Alcatel Lucent Merger Under Fire
The two firms have moved fast since they formally announced their engagement in early April this year, appointing (and re-appointing) senior management, getting the green light from regulators, and deciding on a name for the combined company. (See Alcatel/Lucent Decide on New Name, Lucatel Names More Execs, Lucatel Clears Euro Hurdle, Quigley Steps Down as Lucatel COO, Inside Lucatel: Quigley's Not Mad at Pat, and Lucatel: New Team, Old Faces.)

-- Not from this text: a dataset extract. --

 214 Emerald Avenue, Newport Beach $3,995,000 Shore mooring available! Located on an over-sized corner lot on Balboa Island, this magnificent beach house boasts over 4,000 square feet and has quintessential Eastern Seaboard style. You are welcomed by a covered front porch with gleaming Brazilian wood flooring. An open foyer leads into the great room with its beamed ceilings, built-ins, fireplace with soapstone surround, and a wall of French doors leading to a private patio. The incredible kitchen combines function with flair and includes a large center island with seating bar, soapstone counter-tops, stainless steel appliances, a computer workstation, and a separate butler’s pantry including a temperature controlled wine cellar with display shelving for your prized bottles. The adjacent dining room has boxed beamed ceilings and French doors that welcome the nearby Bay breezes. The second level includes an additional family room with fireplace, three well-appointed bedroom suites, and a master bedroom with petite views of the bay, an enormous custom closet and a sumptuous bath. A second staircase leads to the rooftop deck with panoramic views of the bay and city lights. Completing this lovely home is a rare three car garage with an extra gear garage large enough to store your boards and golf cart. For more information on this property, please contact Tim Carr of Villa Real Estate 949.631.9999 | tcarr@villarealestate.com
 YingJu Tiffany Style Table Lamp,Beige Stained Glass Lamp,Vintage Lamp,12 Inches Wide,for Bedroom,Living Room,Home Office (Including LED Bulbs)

Now just three hurdles remain. Next Thursday, September 7, sees the shareholders' meetings. Alcatel's is due to take place at the Palais Omnisports of Paris-Bercy at 2 p.m. Paris time (8 a.m. Eastern time); Lucent's at the DuPont Theatre in Wilmington, Del., at 11 a.m. Eastern. Then, some time in the next three months, the companies hope to get approval for their merger from the Committee on Foreign Investment in the United States (CFIUS) -- more on that later.
But with only days to go before shareholders have their say, opposition to the deal has emerged on both sides of the water, adding to the pressure already caused by the significant dip in the valuations of the two vendors since the merger proposal was announced.

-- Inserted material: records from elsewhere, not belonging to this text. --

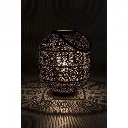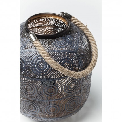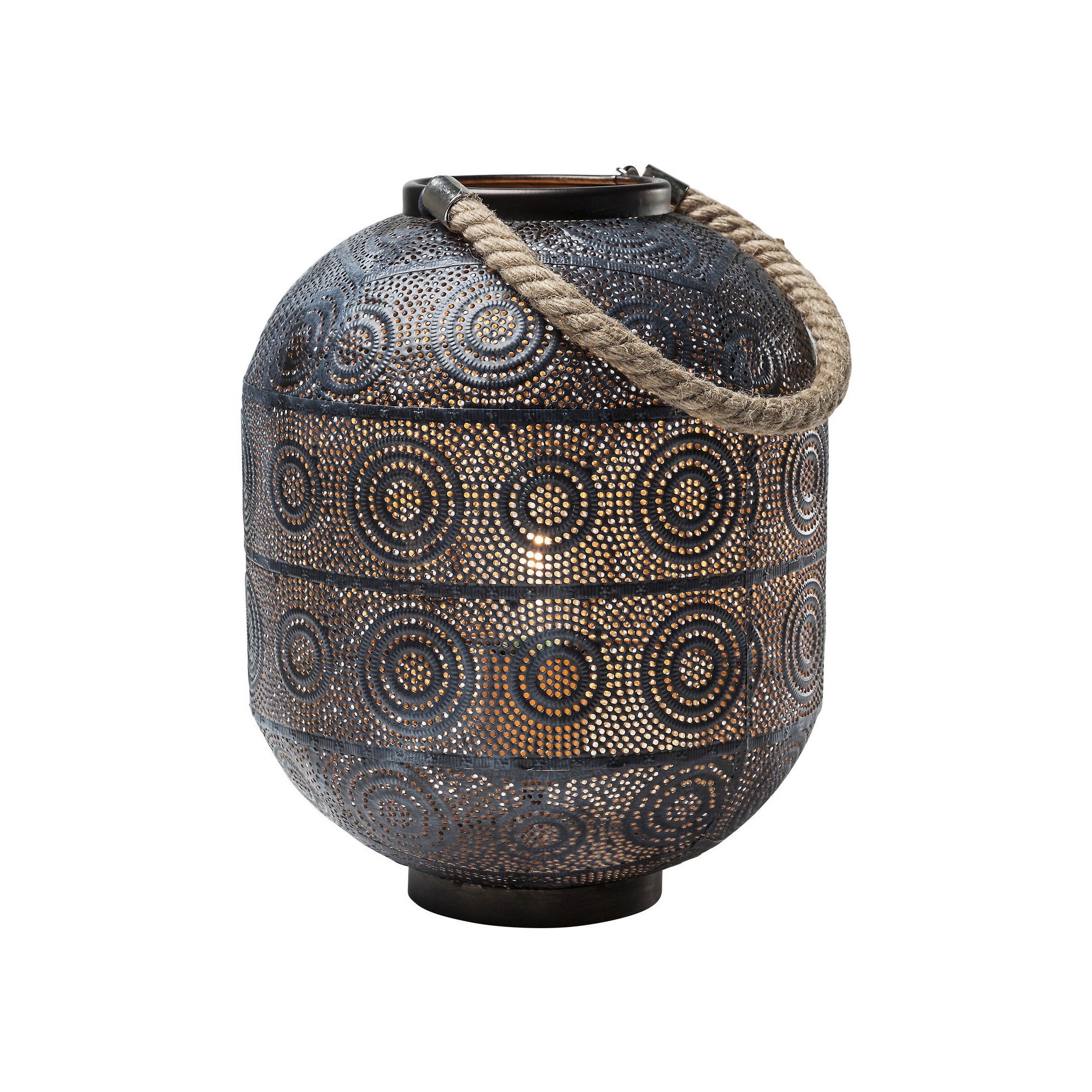 Ga voor de ontwerp oosters ontwerp van deze lamp in zwart gelakt staal. Het creëert sfeer die u uitnodigt om te ontsnappen en te ontspannen in uw interieur. Met zijn handvat van touw kan hij gemakkelijk worden verplaatst tussen binnen en buiten.
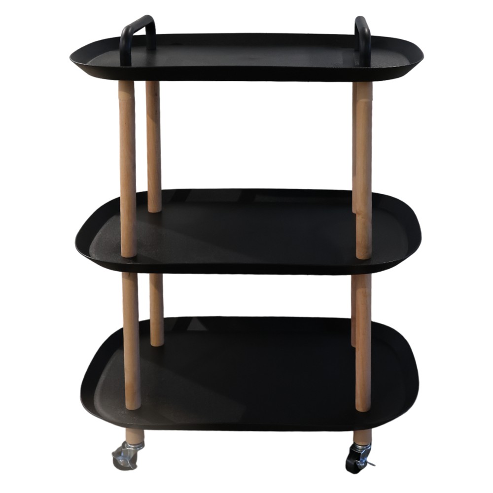 Stand with 3 layer, plastic/wood, black, 36x56xH80 cm
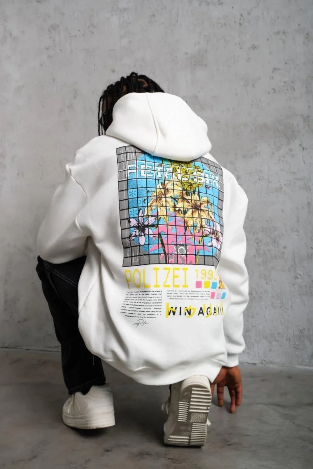 Erkek Patel Six Baskılı Kapüşonlu Sweat - Beyaz
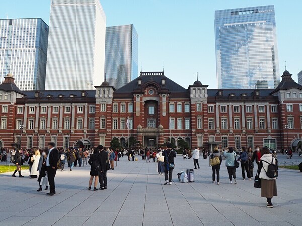 さっそく丸の内中央口の丸の内駅前広場から皇居に向けて散策スタートです! まずは振り返って赤いレンガ造りの丸の内駅舎を眺めます。この広場から駅舎を見るのは丸の内散策の定番中の定番! 1914(大正3)年の創建当時の姿が復元されていて、いつ見ても荘厳で美しい姿にうっとり。
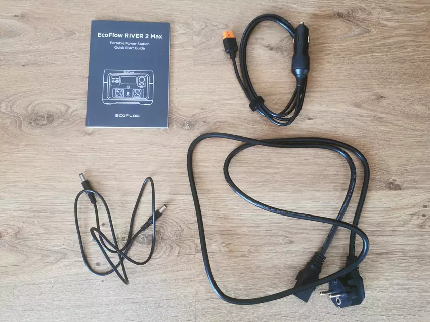 De EcoFlow River 2 Max wordt geleverd in een ruime doos. Naast het laadstation zelf bevat het pakket een snelstartgids en drie kabels: een DC5521, een AC-lader en een autolader. De handleiding is beschikbaar in verschillende talen, maar niet in het Oekraïens. Russisch is wel beschikbaar.
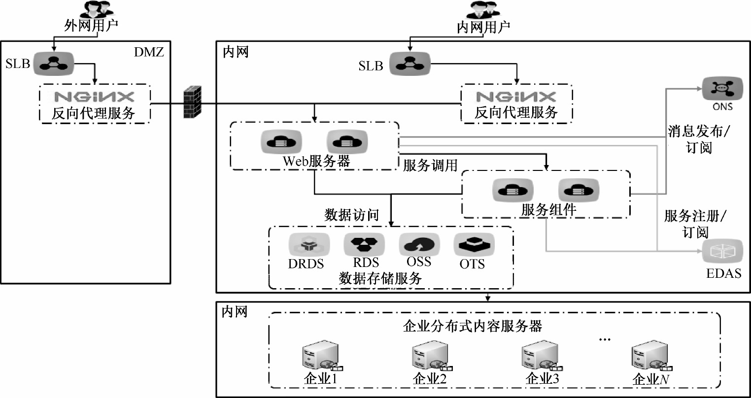 (5)存储层采用多种主流的数据存储技术,基于DRDS、RDS实现结构化数据的存储,通过分库、分表以提高系统并发能力;基于OSS技术以实现文档、图片等非结构化数据的存储;基于Redis技术实现缓存数据的存储,以降低数据库的访问压力。

Alcatel's share price today is $12.76, down more than 17 percent from the $15.40 price the stock commanded on April 2 when the deal was struck. Lucent's stock is also down over the same period: It's at $2.37 today, down about 23 percent from the $3.05 price on April 2.
Trouble down New Jersey way
In the U.S., the Superior Court of New Jersey, Law Division, Union County, will decide next Wednesday, September 6, whether it will grant an injunction to postpone the vendor's shareholder meeting
According to a Securities and Exchange Commission (SEC) filing made by Lucent, that court hearing is the latest move by plaintiffs in a class action known as "Resnick v. Lucent Technologies Inc. et al" that was originally filed on April 3. That class action represents Lucent shareholders who believe the proposed merger fails to "to maximize shareowner value in the transaction."
Lucent, though, reckons the meeting and merger will proceed as planned. "We believe the action is without merit, and we do not believe that the standards for granting an injunction will be met," says a Lucent spokesman. "Therefore, we do not expect this action to delay the shareholder vote related to our proposed merger with Alcatel or the timing of the completion of the merger. We intend to vigorously defend against such claims." The vendors remain "on track" to complete the merger before the year's end, he adds.
Should the meeting take place, the merger resolution requires a simple majority to be passed.
Lucent faces another class action suit, filed on May 4 in in the U.S. District Court of the Southern District of New York, known as "AR Maley Trust v. Lucent Technologies, et al," which also claims that the merger terms fail to maximize shareholder value, and alleges that Lucent and its directors "breached their fiduciary duties" as a result. Naturally, Lucent stated in an SEC filing that it "believes the action is without merit and that Lucent has substantial defenses to the claims."